Parent–child eating disorder perceptions investigated

Parent–child eating disorder perceptions investigated
Adolescents reported more severe eating disorder thoughts and beliefs than reported by parents. Credit: Amsurg Blog 

Perth eating disorder specialists have uncovered a wide disparity in the reporting of eating disorder symptoms between parents and their children.

The study, recently published in the International Journal of Eating Disorders, utilised data from the HOPE (Helping to Outline Paediatric Eating Disorders) Project, a registry consisting of participants assessed at the Princess Margaret Hospital for Children Eating Disorders Program (PMH EDP) between 1996 and April 2013.

Dr Hunna Watson, Senior Research Psychologist at PMH EDP, was interested in exploring parent-youth agreement in the reporting of behaviours and cognitions.

Parents and youth were interviewed separately by experienced clinicians using the Eating Disorder Examination (EDE), to obtain data on eating disorder symptoms.

The EDE measures behavioural symptoms, such as self-induced vomiting, binge-eating, laxative and diuretic misuse, and intense exercise for weight control; as well as cognitive symptoms, such as eating concern, weight concern, shape concern and restraint, within the previous 28-day period.

The sample for the study was 619 parent-youth pairs of (<13 years) and adolescents (13-18 years) diagnosed with anorexia nervosa, bulimia nervosa or an eating disorder not otherwise specified.

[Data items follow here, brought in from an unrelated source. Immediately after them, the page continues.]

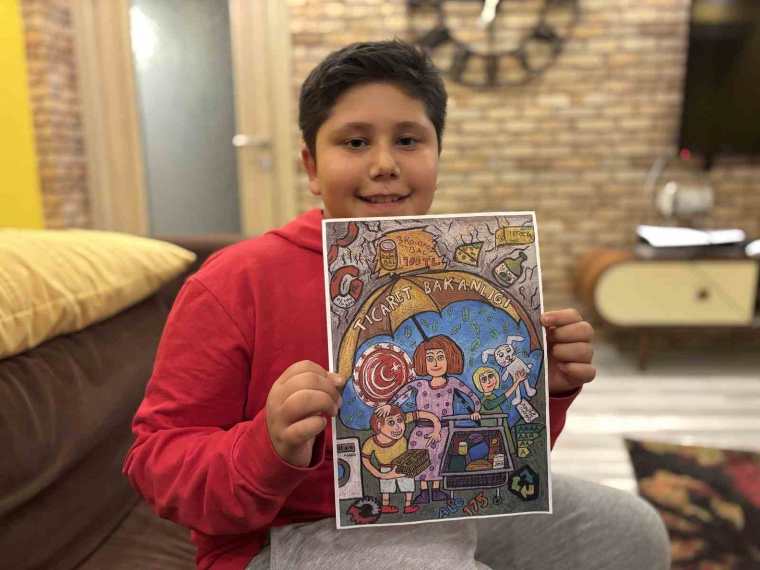 Ticaret Bakanlığı’nın 19 Aralık 2025 tarihinde gerçekleştirdiği 28. Geleneksel Tüketici Ödülleri Töreni’nde, bir ödül de Bolu’ya verildi. Ticaret Bakanlığı’nın bilinçli tüketim ve tüketici hakları konularında bilgilendirmek, bu alanda farkındalık oluşturmak ve sanatsal çalışmaları teşvik etmek amacıyla düzenlediği yarışmaya ülke genelinden bin 600 çocuk katıldı. Ticaret Bakanlığı’nın düzenlediği resim yarışmasında, 50. Yıl Ortaokulu öğrencisi 11 yaşındaki Uygar Çetin birinci olarak Bolu’yu gururlandırdı. Çetin, ödülünü Ticaret Bakanı Prof. Dr. Ömer Bolat’tan aldı. Uygar Çetin’in yaptığı eser, binlerce eserin arasından birinci seçildi. Annesi ve Babasının da resim öğretmeni olduğu Uygar Çetin, bu tür yarışmalara katılmaya devam edeceğini söyledi. Çıkardığı eserde vurguladığı bilinçli tüketici kişiliğinin nasıl bir insan olmasından bahseden Uygar Çetin, “Bilinçli tüketici olmakla ilgili konular araştırıp, konulardan esinlenip, eski resimlere de bakarak bir eser ortaya çıkardım. Bilinçli tüketicinin nasıl bir insan olduğu ve nasıl bilinçli tüketici olacağımızı gösteriyor” dedi.
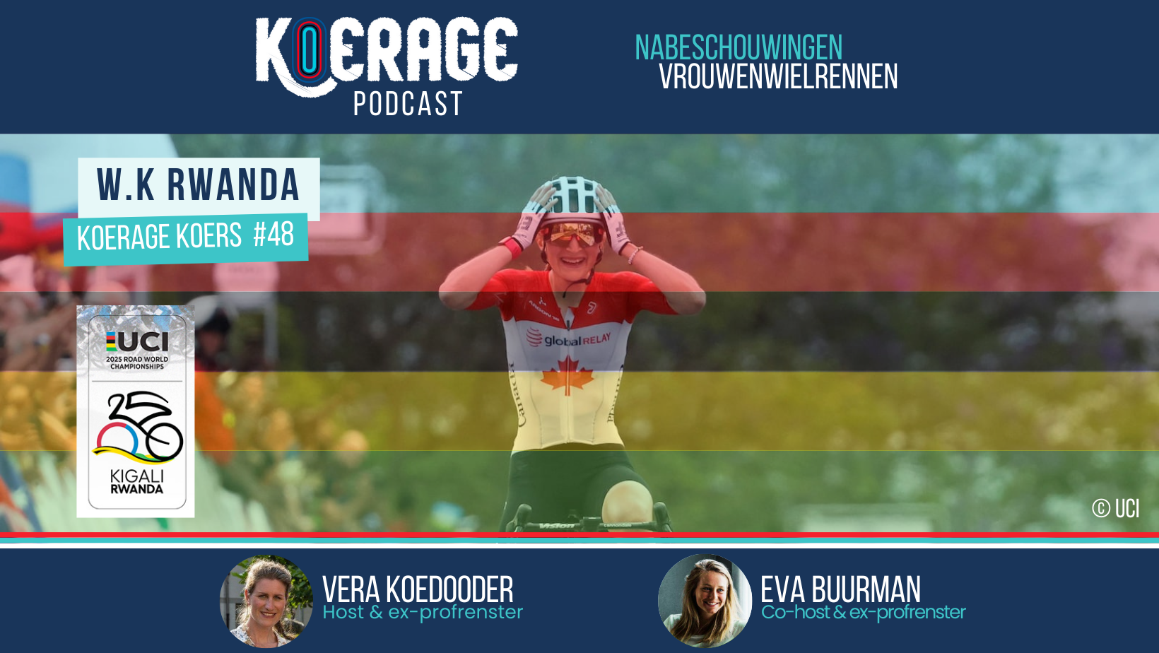 Daar zijn ze weer! Na de Tour de France Femmes was er even een tijdje pauze in de afgelopen 1,5 maand. Maar met de Wereldkampioenschappen wielrennen in Kigali, Rwanda werd het weer tijd voor een nabeschouwing! Voormalig professioneel wielrensters Vera Koedooder en Eva Buurman troffen elkaar online op de avond na het W.K. Weg voor de vrouwen voor Koerage Koers #48! Genoeg om over na te praten want na een vreemde wedstrijd won de jonge Canadese Magdeleine Vallieres en werd Nederland 5e en 7e met Riejanne Markus en Demi Vollering. Wat vonden Vera en Eva ervan dat het W.K in Rwanda plaats vond? En wat vonden ze van de koers? Wat waren voor hun de Koerage momenten? Veel luisterplezier!
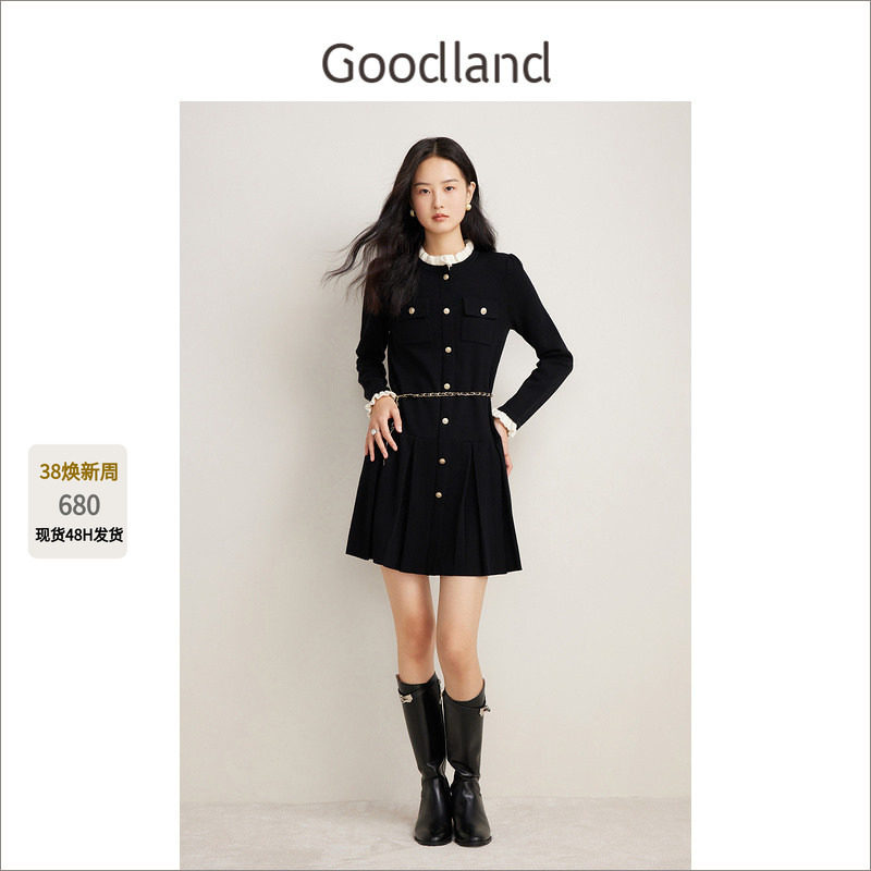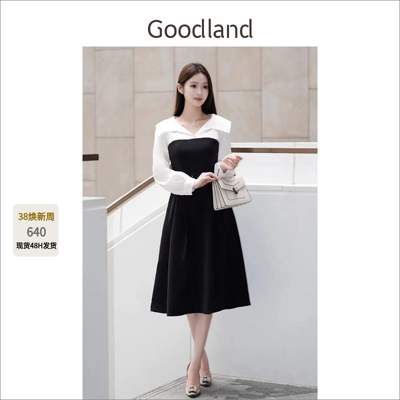 Goodland美地女装假两件气质法式收腰连衣裙女秋季LC34305270
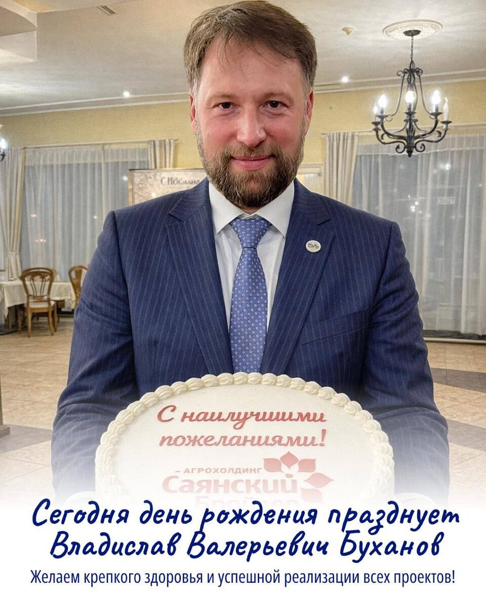 🎉 Сегодня день рождения отмечает Владислав Валерьевич Буханов — председатель совета директоров агрохолдинга «Саянский бройлер
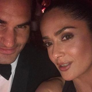 Salma Hayek comparte foto con Roger Federer
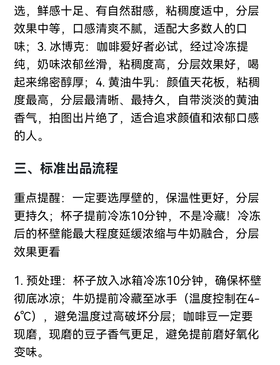 1. 常温奶:新手练手首选,方便易得、价格实惠,缺点是奶味偏淡、粘稠度低,分层效果很差,容易快速融合;2. 巴氏鲜奶:日常饮用首选,鲜感十足、有自然甜感,粘稠度适中,分层效果中等,口感清爽不腻,适配大多数人的口味;3. 冰博克:咖啡爱好者必试,经过冷冻提纯,奶味浓郁丝滑,粘稠度高,分层效果好,喝起来绵密醇厚;4. 黄油牛乳:颜值天花板,粘稠度最高,分层最清晰、最持久,自带淡淡的黄油香气,拍图出片绝了,适合追求颜值和浓郁口感的人。

The researchers found differences in agreement between the parents' EDE reporting and that of their child, depending on the youths' age and diagnosis.

"Firstly, children reported less severe eating disorder thoughts and beliefs than reported by parents," Dr Watson says.

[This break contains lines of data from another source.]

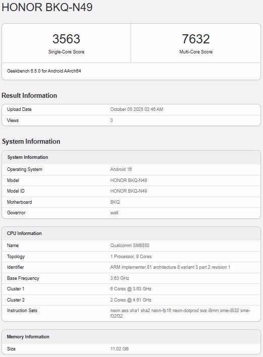 Honor Magic 8Pro tested with Snapdragon 8 Elite 5 chip, 12GB RAM, and Android 16.
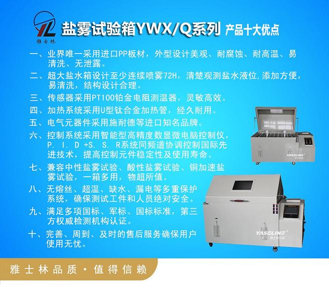 鹽霧腐蝕試驗箱為人工氣候環(huán)境“三防”(濕熱、鹽霧、霉菌)試驗設(shè)備之一,是模擬大氣中含鹽微小液滴所構(gòu)成的彌散系統(tǒng)的設(shè)備。廣泛應(yīng)用在電子、電工及汽車、摩托車、五金工具、化工等產(chǎn)品及零部件、金屬材料與制品的鍍、涂層等進行鹽霧試驗。市場規(guī)模巨大,競爭空前,雅士林YASELINE系列鹽霧試驗箱高起點、高質(zhì)量、高服務(wù),定位于中高端客戶群體,以其過硬的質(zhì)量和完善的售后服務(wù)及良好的市場口碑贏得了中國航天、中國科學院、清華大學、北航、摩托羅拉、ABB、西門子、豐田汽車、中國船舶、北京現(xiàn)代汽車等一系列高端客戶群,其產(chǎn)品具有如下十大優(yōu)點:
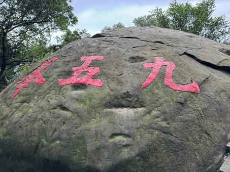 第一座登頂的是九五峰,這裡以那塊巨石上「九五峰」三個紅字而聞名,也是健行者拍照留念的熱門打卡點。這裡的視野遼闊,不少山友專程上來欣賞台北盆地的景色。

"But adolescents reported more severe eating disorder thoughts and beliefs than reported by parents.

"Children may not have insight into their illness and are yet to develop key cognitions such as body dissatisfaction, which tends to onset from puberty.

"Alternatively, some cases of eating disorders may not occur concurrently with eating disordered cognitions, which fits into the new DSM-V eating disorder category of 'avoidant/restrictive food intake disorder'."

In addition, there was poor agreement on frequency of behavioural symptoms between parent-youth reports, with youths reporting more frequent eating disorder behaviours than detected by their parents.

This was particularly the case among youths with bulimia nervosa, who also reported higher severity of cognitive symptoms than their parents.

"Overall, the results support the use of multi-informant assessment, particularly with children, to get a comprehensive assessment and engage the family unit together in treatment," Dr Watson says.

"Treatment services should also incorporate parental education about to assist parents."

Future research could explore whether certain variables, such as differences in family dynamics, as well as parental psychopathology, predict parent-youth agreement.